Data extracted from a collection
········

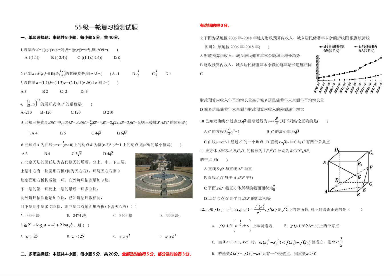 济南市历城二中2021.1高三复习检测试题数学及答案
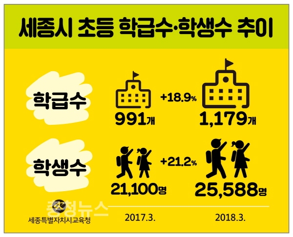 학급 배정에 기준이 되는 올해 초등학생 수는 지난해 21,100명보다 4,488명, 21.2% 증가한 25,588명이다. 이는 2012년 세종시 출범 이후 922학급, 20,000여 명이 늘어난 수치다.
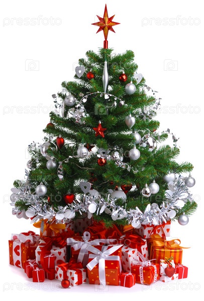 Украшенная елка на белом фоне
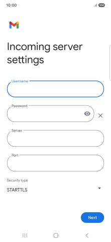 Press the field below "Server" and key in the name of your email provider's incoming server.
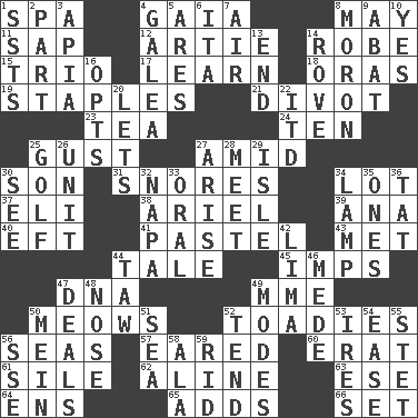 ACROSS 1. Health resort 4. Greek goddess of the earth (variant) 8. Can I? 11. Plant excrement 12. Nick name for Arthur 14. Loose flowing garment 15. Musical group of three 17. Acquire or gain knowledge or skills 18. Mouths or openings 19. Paper fasteners 21. A piece of turf (Scot.) 23. Afternoon social gathering 24. "___ Little Indians" 25. Abrupt rush of wind 27. Among 30. Boy, to dad 31. Sounds asleep 34. Car dealer's back yard 37. Biblical high priest 38. Satellite of Uranus 39. Santa ___, CA 40. Newt 41. Soft color 43. Was introduced to 44. Falsehood 45. Naughty children 47. Heredity factor (abbr.) 49. Madame (abbr.) 50. Catcalls? 52. Sycophants 56. Oceans 57. Having ears or earlike features 60. Part of Q.E.F. 61. Drop; flow; fall 62. Place in a line 63. Compass dir. 64. Followers of ems 65. Sums up 66. Arrange properly for use DOWN 1. Fast planes 2. Role in a play 3. Capital of Western Samoa 4. An organ shaped like a helmet 5. Ancient Greek god of war 6. Call ___ day 7. Atmosphere 8. Person of subnormal intelligence 9. Blind as ____ 10. Consenting reply 13. Conclude 14. Be footloose 16. Chooses 20. Allows 22. It would 25. _ course 26. A single undivided whole 27. Originate 28. Rendezvous 29. Capri or Wright 30. Perceive with the eye 32. California wine valley 33. Of the mouth 34. Desk light 35. Singles 36. Make lace 42. Pale green bean 44. The 23rd letter of the Hebrew alphabet 46. Ancient Persian 47. Allots cards 48. Characteristic smell of wine 49. Methods 50. Count _ (2 wds.) 51. Ocean 52. Look after 53. Angers 54. Comfort 55. Proofreading order 56. Compass dir. 58. Chicken ___ king 59. To free from
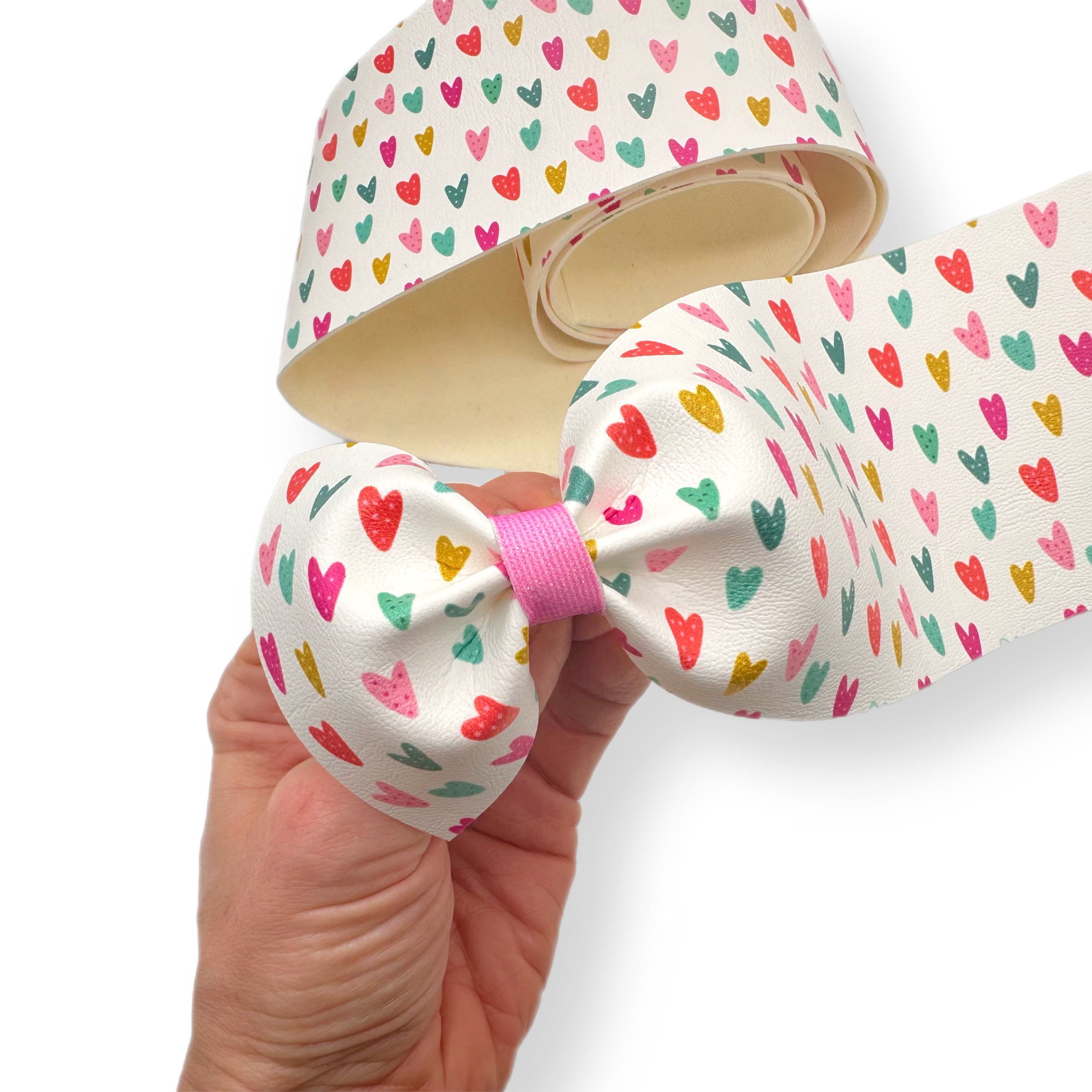 Rainbow Doodle Hearts Faux Leather - Mega Bow Strips

········

● **Task requirements**
What do the entries above read from the line containing "학급 배정에 기준이 되는" through the line containing "Press the field"? Output those lines exactly, both ends included, with the pictures left out.

● **Response to this exercise**
 학급 배정에 기준이 되는 올해 초등학생 수는 지난해 21,100명보다 4,488명, 21.2% 증가한 25,588명이다. 이는 2012년 세종시 출범 이후 922학급, 20,000여 명이 늘어난 수치다.
 Украшенная елка на белом фоне
 Press the field below "Server" and key in the name of your email provider's incoming server.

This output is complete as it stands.